In 1890, the Devizes and Wiltshire Gazette noted that the fair was shrinking in size and reported that "trade was dull and slow", but Mr Justice Lopes had done well in making thirty shillings each for a hundred mixed lambs. By the end of the 19th century, it was noticed that the fair caused low attendance at local schools, including that at nearby Dilton Marsh.

==Twentieth century decline==
In the early 20th century, the fair continued to decline, with only some 20,000 sheep passing through it every year. In 1912 a notice for the fair appeared in the London Standard, announcing "Westbury Hill Fair: Pedigree Hampshire Down Sheep a Speciality".

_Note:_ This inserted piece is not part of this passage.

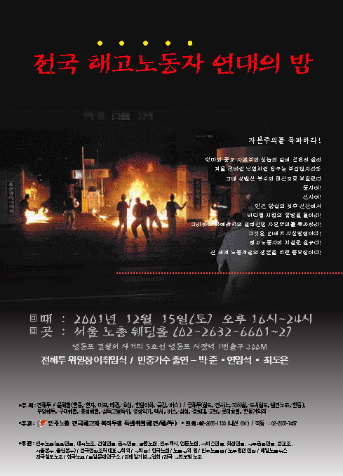 '2001 Àü±¹ ÇØ°í³ëµ¿ÀÚ ¿¬´ëÀÇ ¹ã'°³ÃÖ
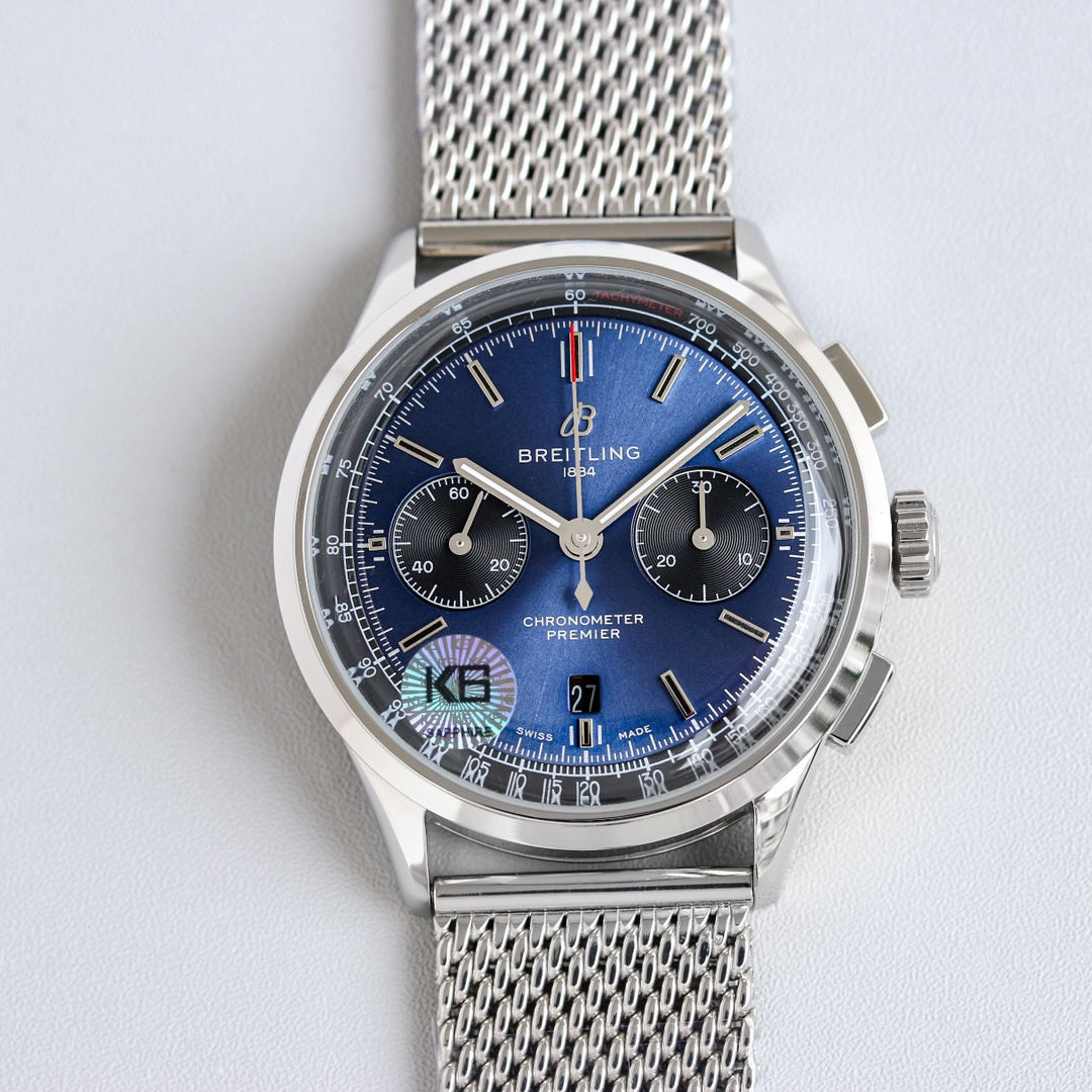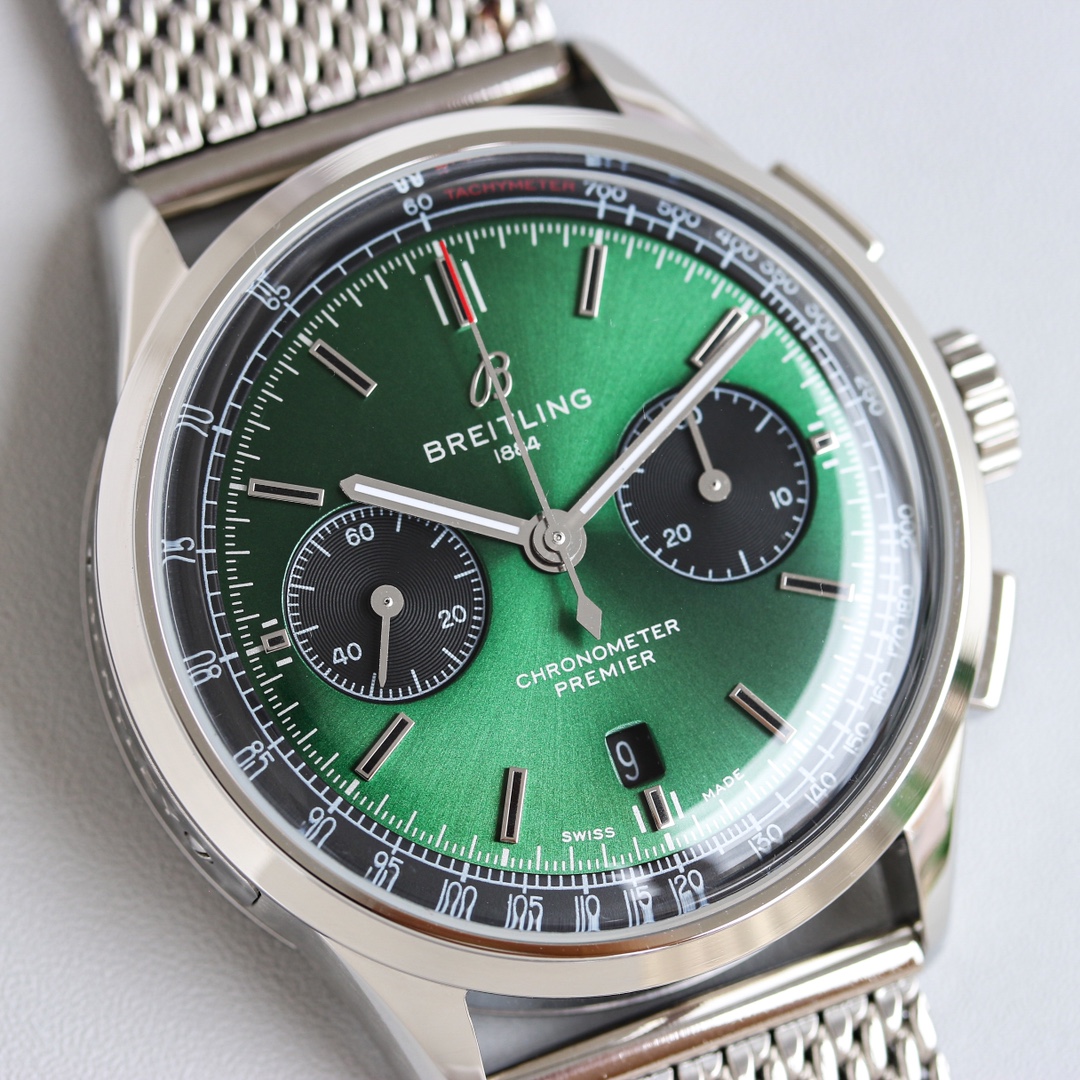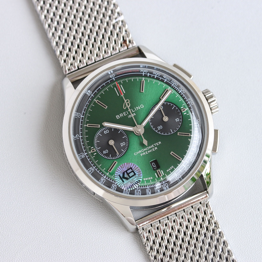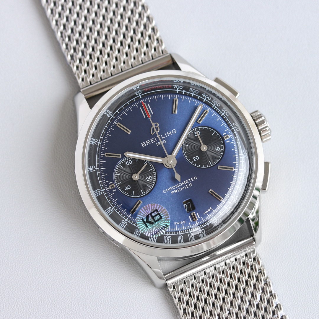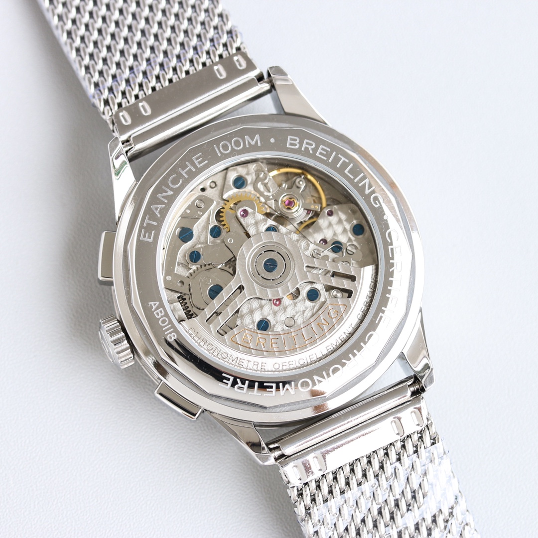 这款手表是AAAAA 1:1 质量 (非常棒). 使用了和原版一模一样的材料. 商标部分也保持了和Breitling一样. 图片拍摄是实物手表拍摄, 您所收到的实物保证和我们图片一模一样.

On 6 September 1924, a local newspaper reported "Successful Hill Fair. — Westbury Hill Fair was held in ideal weather on Tuesday, and attracted not only a large company of farmers and dealers but also a large number of the fair sex and children." At this time, sheep were commonly sold on a handshake, with the price to be paid later. Horses were also traded, with some being sent from Ireland by boat and train, to be walked up the hill from Westbury railway station. Some local schools were closed on the day of the fair. Gypsies camped for the summer at Beggar's Knoll to work on the hill farms and came to the fair to sell clothes pegs and paper flowers. Dealers came for the day to sell crockery, cutlery, and other wares.

In 1939, one of the auctioneers for the Fair, held on 5 September, was Dart & Son of Warminster. In 1940, in the early months of the Second World War, the Land Utilisation Survey noted that "Westbury's Sheep Fair today handles less than 10,000 sheep". That year's Fair took place on 3 September 1940, and another of the firms of auctioneers, Lavington & Hooper, advertised a few days before that 1,650 Hampshire Downs had been entered with them for sale. In 1941, the same auctioneers advertised their sale at the Fair to start at 8:30 am on 2 September, with 1,275 Hampshire Down and cross-bred Ewes and Lambs having been entered by 16 August. A retrospective in the Wiltshire Times of 29 August 1942 noted that
"In September came the last event of our year — Westbury Hill Sheep Fair. Thousands of sheep changed hands, and the village roads were frequently blocked with flocks moving slowly to their destination. Sheep-washing in Bratton stream ceased nearly thirty years ago. Even before the war, Westbury Hill Fair had dwindled into a comparatively small event."
 After that, no traces of the fair being held have been found.